Fourth, communist countries did not pursue the capital penetration of other countries. Lacking a profit motive as their motor force and therefore having no need to constantly find new investment opportunities, they did not expropriate the lands, labor, markets, and natural resources of weaker nations, that is, they did not practice economic imperialism. The Soviet Union conducted trade and aid relations on terms that generally were favorable to the Eastern European nations and Mongolia, Cuba, and India.

All of the above were organizing principles for every communist system to one degree or another. None of the above apply to free market countries like Honduras, Guatemala, Thailand, South Korea, Chile, Indonesia, Zaire, Germany, or the United States.

But a real socialism, it is argued, would be controlled by the workers themselves through direct participation instead of being run by Leninists, Stalinists, Castroites, or other ill-willed, power-hungry, bureaucratic, cabals of evil men who betray revolutions. Unfortunately, this “pure socialism” view is ahistorical and nonfalsifiable; it cannot be tested against the actualities of history. It compares an ideal against an imperfect reality, and the reality comes off a poor second. It imagines what socialism would be like in a world far better than this one, where no strong state structure or security force is required, where none of the value produced by workers needs to be expropriated to rebuild society and defend it from invasion and internal sabotage.

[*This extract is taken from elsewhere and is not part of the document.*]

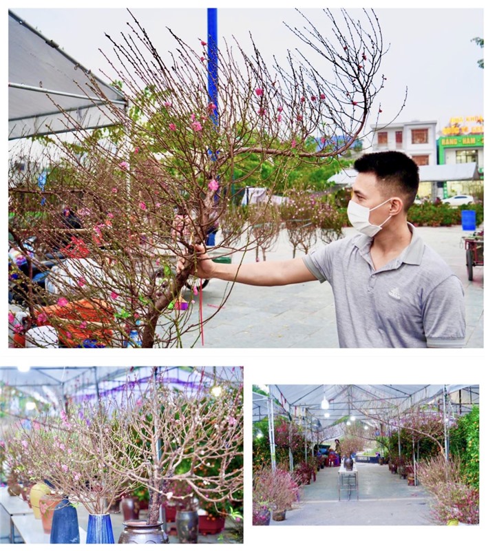 Tết không thể thiếu sắc đỏ, sắc hồng tươi thắm của hoa đào. Chợ hoa năm nay hội tụ hoa đào đa sắc, đa loại, như: Đào đá, đào phai, đào Nhật Tân; đào cành, đào thế… Trong đó, những cành đào dáng huyền vừa mềm mại, duyên dáng, vừa rực rỡ, hay những cành đào Nhật Tân cỡ nhỏ, cây đào bonsai để bàn thu hút sự chú ý, lựa chọn của nhiều người.

The pure socialists’ ideological anticipations remain untainted by existing practice. They do not explain how the manifold functions of a revolutionary society would be organized, how external attack and internal sabotage would be thwarted, how bureaucracy would be avoided, scarce resources allocated, policy differences settled, priorities set, and production and distribution conducted. Instead, they offer vague statements about how the workers themselves will directly own and control the means of production and will arrive at their own solutions through creative struggle. No surprise then that the pure socialists support every revolution except the ones that succeed.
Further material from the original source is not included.